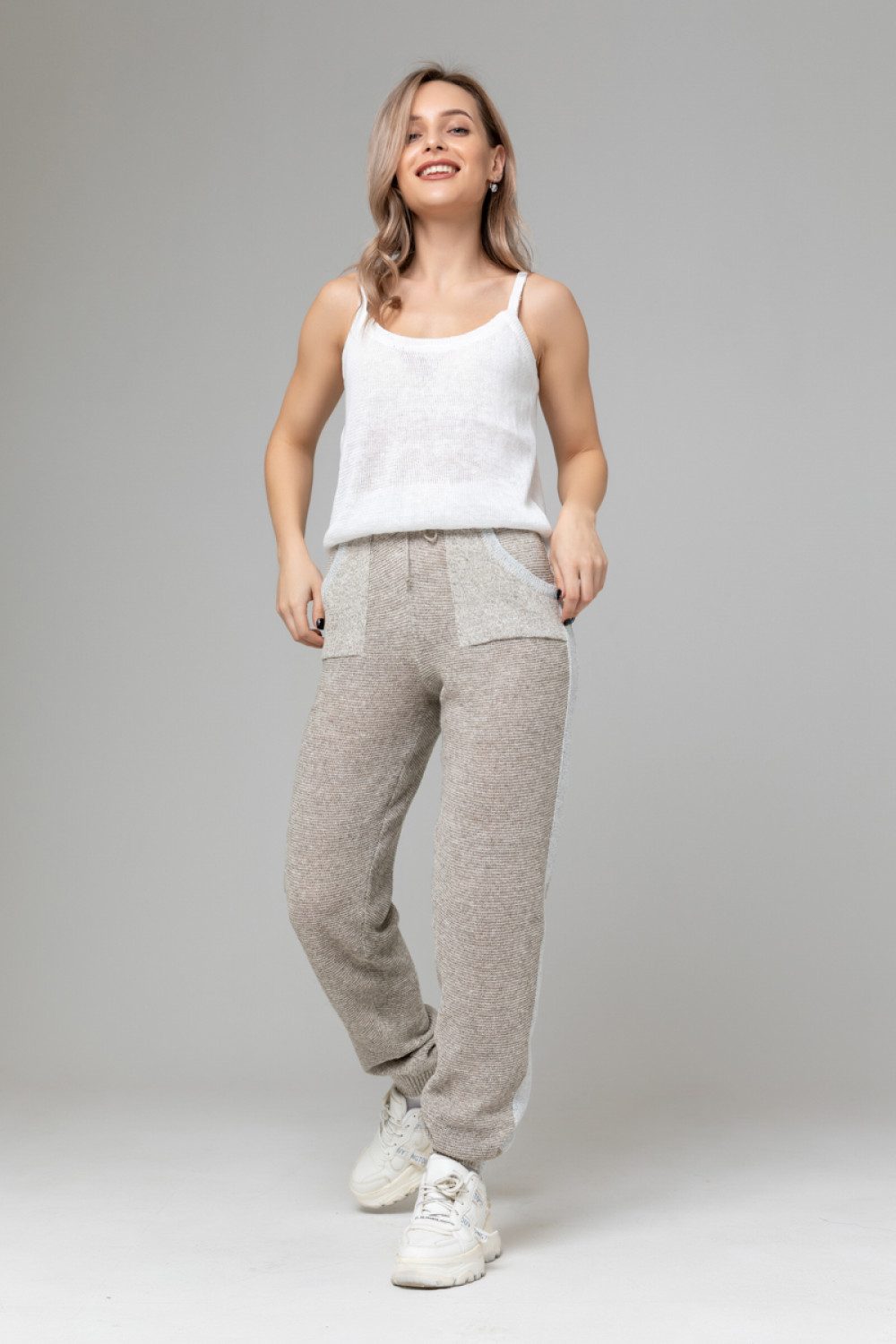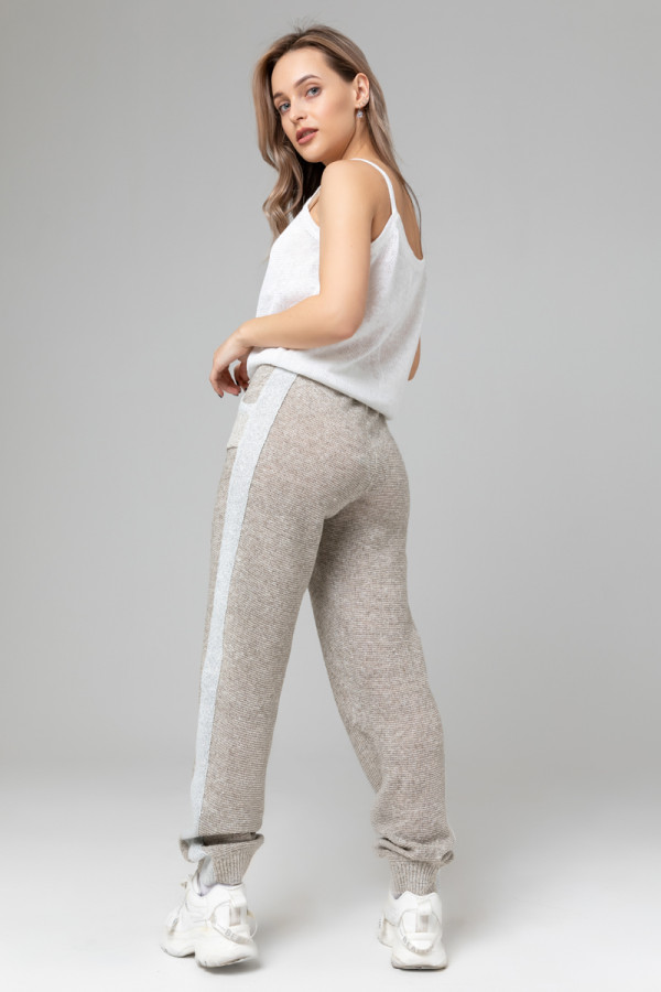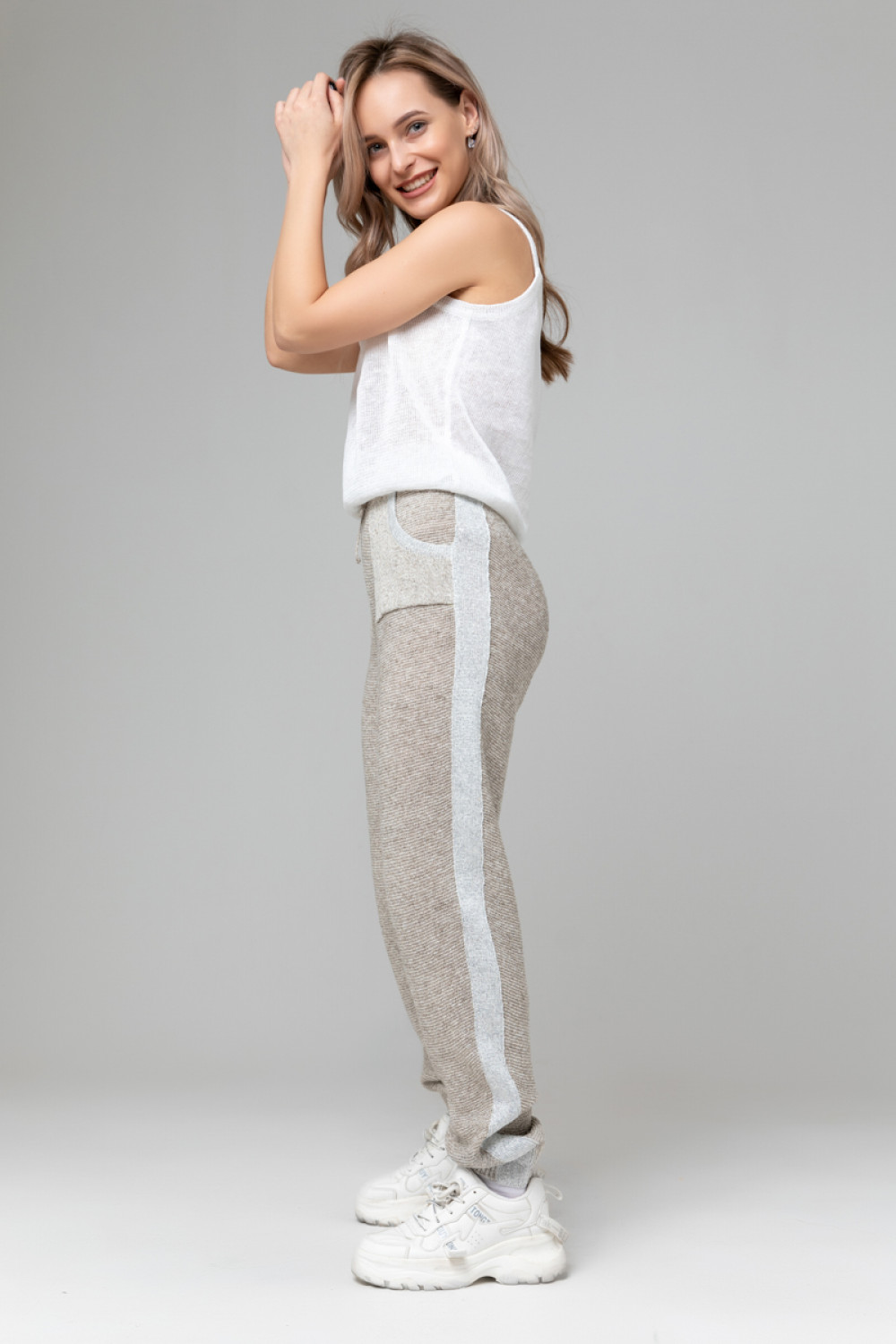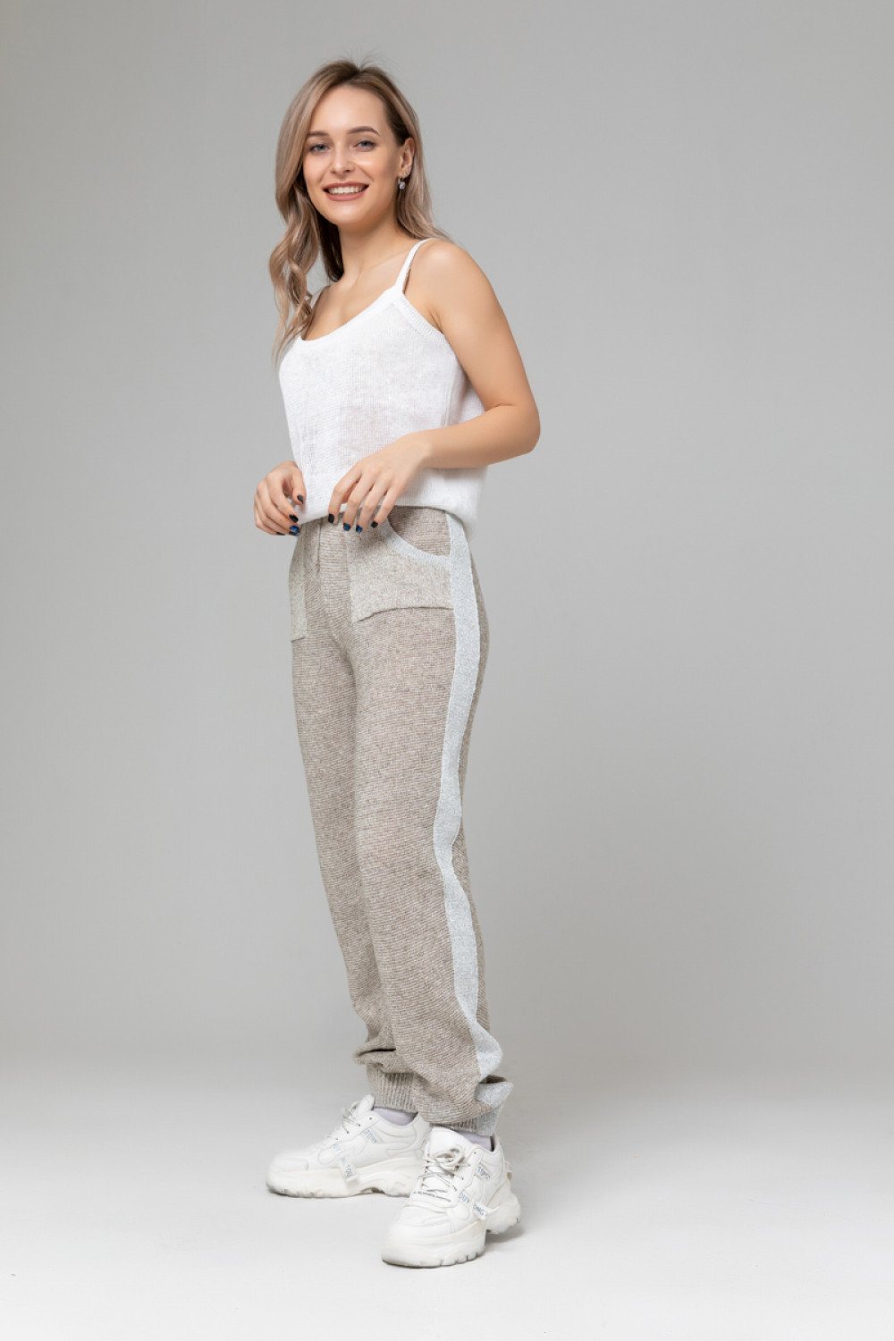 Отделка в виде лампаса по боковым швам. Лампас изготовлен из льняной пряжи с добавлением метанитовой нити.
◇ ◇ ◇ ◇ ◇ ◇ ◇
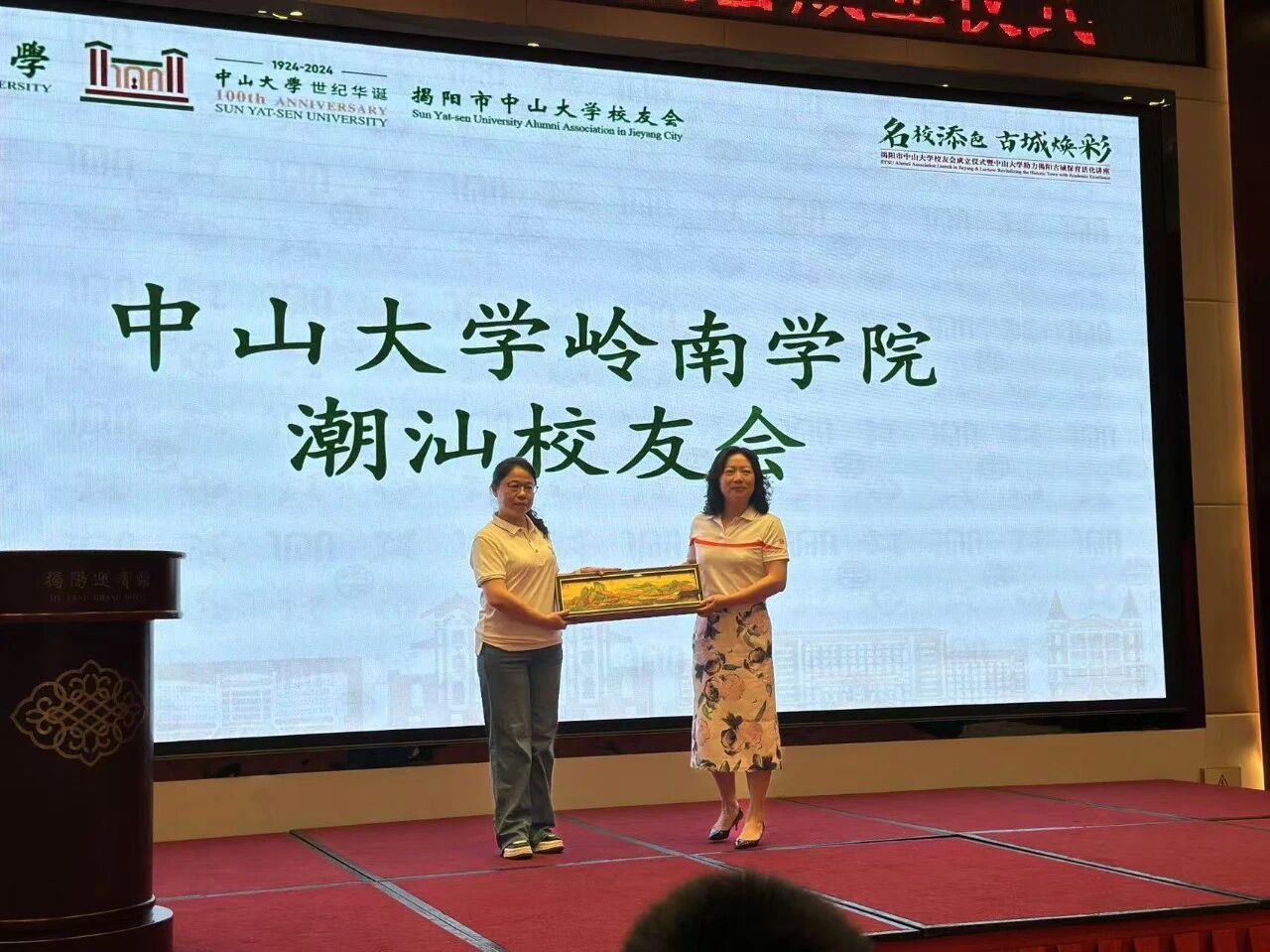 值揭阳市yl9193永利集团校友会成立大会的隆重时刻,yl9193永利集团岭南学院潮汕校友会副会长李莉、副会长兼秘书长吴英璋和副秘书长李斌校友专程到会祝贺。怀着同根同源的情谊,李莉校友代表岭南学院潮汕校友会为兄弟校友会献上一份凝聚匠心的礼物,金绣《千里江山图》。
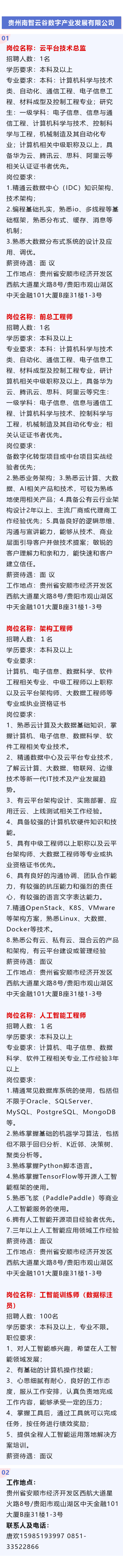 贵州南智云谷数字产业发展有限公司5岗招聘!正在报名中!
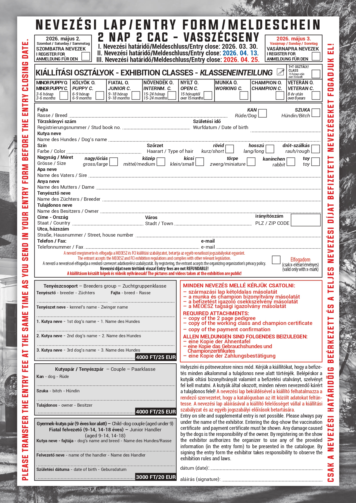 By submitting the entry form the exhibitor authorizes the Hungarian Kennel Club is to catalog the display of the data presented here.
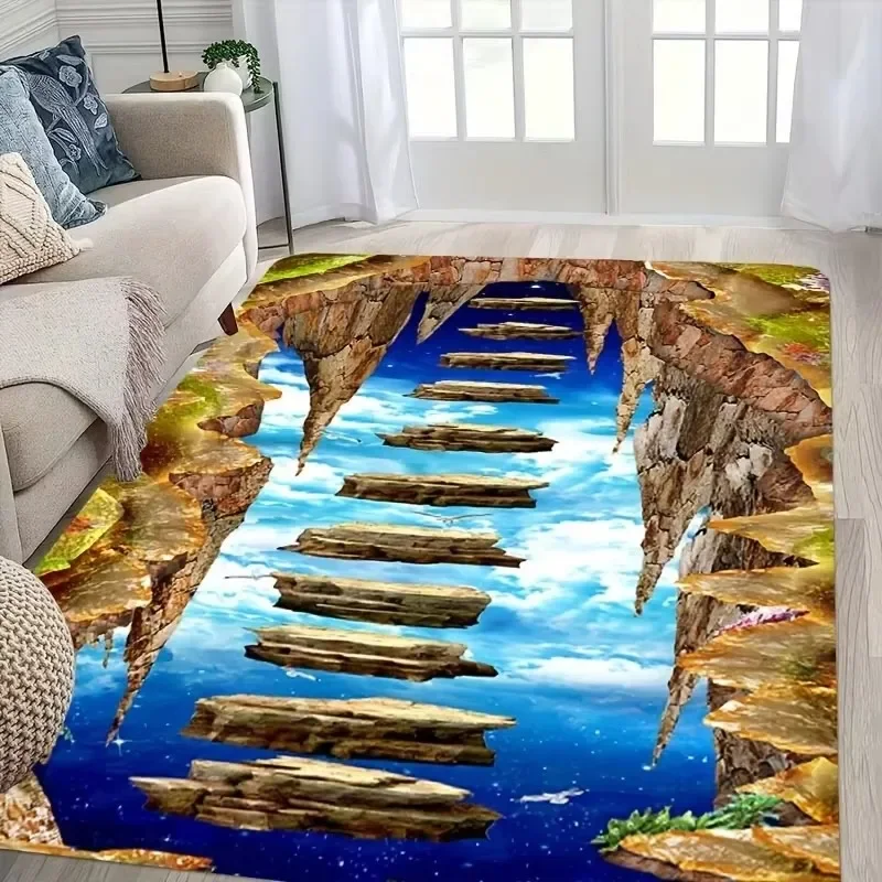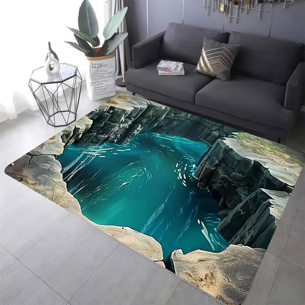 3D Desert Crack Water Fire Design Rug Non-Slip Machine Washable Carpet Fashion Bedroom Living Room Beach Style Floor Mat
◇ ◇ ◇ ◇ ◇ ◇ ◇
**PROBLEM TO SOLVE:** Go to the line above that contains "值揭阳市yl9193永利集团" and reproduce everything exactly from there through the line that contains "3D Desert Crack", leaving out the pictures.

**REPLY TO THE EXERCISE:**
 值揭阳市yl9193永利集团校友会成立大会的隆重时刻,yl9193永利集团岭南学院潮汕校友会副会长李莉、副会长兼秘书长吴英璋和副秘书长李斌校友专程到会祝贺。怀着同根同源的情谊,李莉校友代表岭南学院潮汕校友会为兄弟校友会献上一份凝聚匠心的礼物,金绣《千里江山图》。
 贵州南智云谷数字产业发展有限公司5岗招聘!正在报名中!
 By submitting the entry form the exhibitor authorizes the Hungarian Kennel Club is to catalog the display of the data presented here.
 3D Desert Crack Water Fire Design Rug Non-Slip Machine Washable Carpet Fashion Bedroom Living Room Beach Style Floor Mat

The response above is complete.